I’d like this big deal to be clinched here, in my own country.’
‘That’s very nice of you, captain - ’
‘Sure. The others are all such big crooks. And they’ve got no money. You, being journalists and such, must surely know the big shots here - you know, bankers and shipowners and, how do you say, ship-makers, right?’
‘Shipbuilders. No, Mr Vantoch, we don’t know such people.’
‘That’s a pity,’ the captain grew gloomy.
Mr Golombek remembered something. ‘You don’t by any chance know Mr Bondy?’
‘Bondy? Bondy?’ Captain van Toch reflected. ‘Wait a minute, I should know that name. There’s a Bond Street in London and only very rich people live there. Has he got some business in Bond Street, that Mr Bondy?’
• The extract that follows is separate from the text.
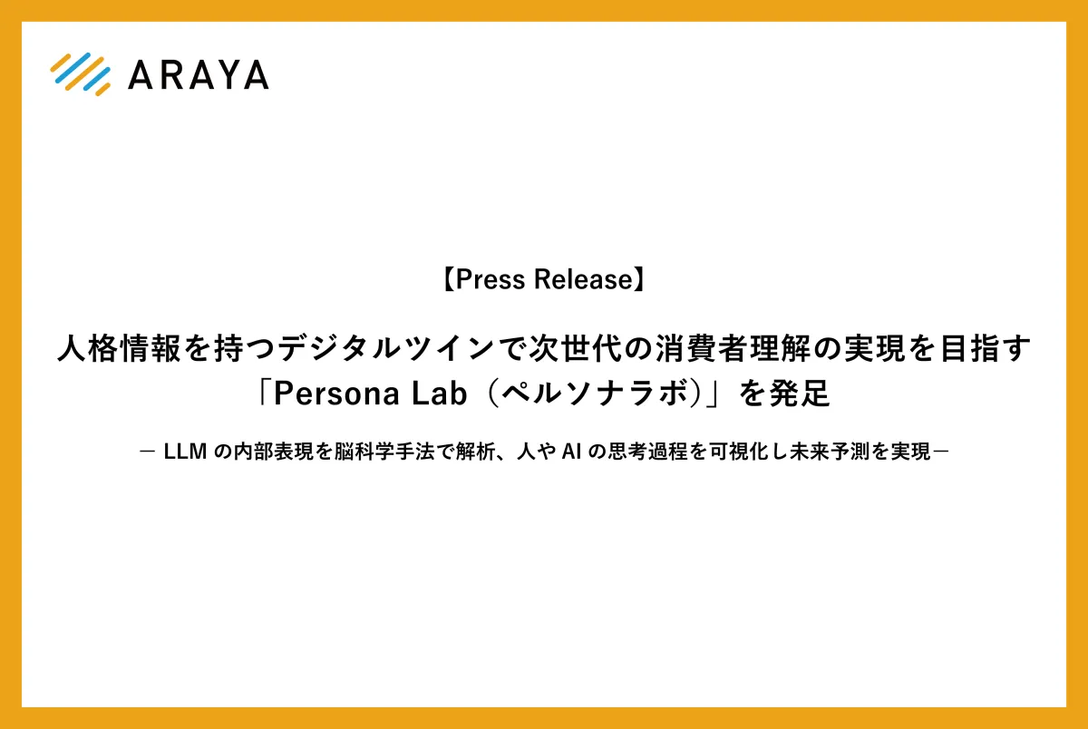 株式会社アラヤが発表した「Persona Lab(ペルソナラボ)」は、デジタルツイン技術に基づく消費者理解の新たな可能性を切り開くプロジェクトです。この取り組みは、企業が消費者の深層心理を理解し、より効果的なマーケティングや製品開発を実現することを目指しています。

‘No, he lives in Prague, but I rather think he was born here, in Jevíčko.’
‘Hell, yes,’ the captain exclaimed happily; ‘you’re right, my boy! Had a draper’s shop in the Market Place! Sure, Bondy - now what was his name? Max. Max Bondy. So he’s got a business in Prague now?’
‘No, that must have been his father. This man Bondy is called G. H. Bondy. President G. H. Bondy, captain.’
‘G. H.,’ the captain shook his head. ‘No, there was no G. H. here. Unless, of course, he was Gussie Bondy. But he was no president. Gussie was a pimply little Jew. Can’t be him.’
‘That’ll be him all right, Mr Vantoch. After all, it must be a good many years since you last saw him.’
‘Well, that’s true. A good many years,’ the captain agreed. ‘Forty years, my boy. Gussie could be a big man now. And what is he?’
‘He’s Chairman of the Board of ME AS - you know, a big company making boilers and suchlike - as well as president of some twenty companies and cartels.